In recent years the Isle of Man Courts, in common with their counterparts in many other jurisdictions, have demonstrated a strong desire for parties in litigation to attempt to resolve their issues by means other than litigation, most notably mediation.

In May 2012, the English Court of Appeal issued a stern warning to a defendant who rejected mediation offered at a previous hearing, with Lord Justice Longmore referring to the decision as an "inadequate response". The defendant in Ghaith v Indesit successfully defended a personal injury claim by an employee, but the employee was subsequently given leave to appeal and the Court urged both parties to pursue mediation. Indesit rejected that advice, a decision which LJ Longmore said will "inevitably lead to a substantial increase in costs" for the defendant. Another member of the Court of Appeal panel, Lord Justice Ward, said that mediation has "a canny knack of transforming the intractable in to the possible" and reiterated that, when offered, mediation should be embraced.

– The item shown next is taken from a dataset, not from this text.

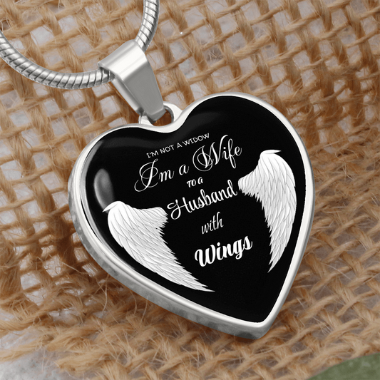 I'm not a Widow I'm a Wife to a Husband with Wings Luxury Graphic Heart Necklace

The attitude of the English Court of Appeal mirrors that of the Isle of Man Courts. In his 2009 judgment in Association of Cosmetic Surgery, Deemster Doyle (who as First Deemster is the Island's Chief Justice) said, "law is sometimes a very blunt instrument to try and solve disputes...and I would encourage the parties....to endeavour to resolve their disputes through the mediation process."

Deemster Doyle summarised the Court's attitude to ADR in his 2003 judgment in Vrinera Marine Company Limited:

"Litigation these days is moving away from confrontation and more towards co-operation. Parties are being encouraged to engage in the mediation process rather than destroying valuable personal and commercial relationships and wasting valuable time and costs in court. Those involved in commerce are fast coming to the sensible conclusion that their time and money is best spent on constructive commerce rather than on lawyers and destructive litigation."

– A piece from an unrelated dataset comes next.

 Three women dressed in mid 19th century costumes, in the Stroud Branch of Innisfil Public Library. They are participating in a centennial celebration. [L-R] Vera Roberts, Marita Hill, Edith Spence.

The introduction of the "new" Rules of the High Court of Justice of the Isle of Man 2009 (the "Rules") has instigated changes to the way in which the different methods of ADR are viewed. The Rules allow for active case management encouraging parties to use ADR if the Court considers it appropriate: a claim or any matter arising from it may, if all parties agree, be referred to mediation and the Court action will be stayed.

In recent years, and not least because of the introduction of the Rules, it has become increasingly common for ADR to be used to settle differences between parties to a dispute; it is becoming a vital tool for all involved in dispute resolution. ADR techniques have gained prominence due to their speed, flexibility and relatively low cost.

Mediation

Mediation is a form of ADR in which a mediator follows a structured process in an attempt to facilitate an agreed settlement between parties to a dispute. The mediator, who will be entirely independent of both the dispute and the parties, does not decide how to resolve the dispute but instead assists the parties in finding a mutually agreeable solution.

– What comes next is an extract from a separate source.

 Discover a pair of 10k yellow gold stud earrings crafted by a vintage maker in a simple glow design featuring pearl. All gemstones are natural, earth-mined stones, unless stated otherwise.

A mediator's skill as a mediator is often more important than any legal or technical knowledge relating to the dispute. Mediators tend to operate in one of two ways: they may be "facilitative", assisting the parties without expressing a view on the dispute or appropriate settlement terms; or "evaluative", playing an active role in the process and suggesting solutions. In reality, many mediators adapt their style to suit the situation during the mediation and they routinely use a combination of techniques to aid the parties in reaching a mutually agreeable outcome.

The mediation process is often likened to an exhausting rollercoaster ride which can be frightening yet fulfilling. It is conducted on a "without prejudice" basis, so the parties are free to offer concessions or compromises and to negotiate freely without influencing, in any way, any Court action that may follow if the mediation fails. Each "session" solely with the mediator is confidential unless one party permits the mediator to raise certain issues with the other party. Mediation is non-binding in the sense that the parties can walk away at any time and any agreed settlement will be set out in a binding agreement to be signed by both parties.

It is now common practice for commercial contracts to contain an ADR clause stipulating that attempts must be made to settle any dispute of its terms using ADR and, in many cases, specifying details of the procedure to be used. Inclusion of such a clause ensures that neither party is able to force the other into costly, time-consuming, constrained litigation through the Court without at least attempting ADR, thereby protecting the parties' ability to benefit from its myriad advantages.

Advantages of Mediation

Mediation offers a number of advantages when compared to protracted, expensive and potentially damaging litigation in Court, such as:

  • potentially huge savings in terms of both management hours and money;
  • enabling the parties to retain control of the dispute and its settlement rather than placing control in the hands of a third party (e.g. the Courts, an arbitrator);
  • greatly reducing disruption to the parties' businesses;
  • confidentiality (in contrast to court proceedings which are a matter of public record and may attract press attention);
  • minimising harm to relationships between the parties; and
  • allowing the parties to agree innovative solutions rather than the restricted awards available to the Courts.

The content of this article is intended to provide a general guide to the subject matter. Specialist advice should be sought about your specific circumstances.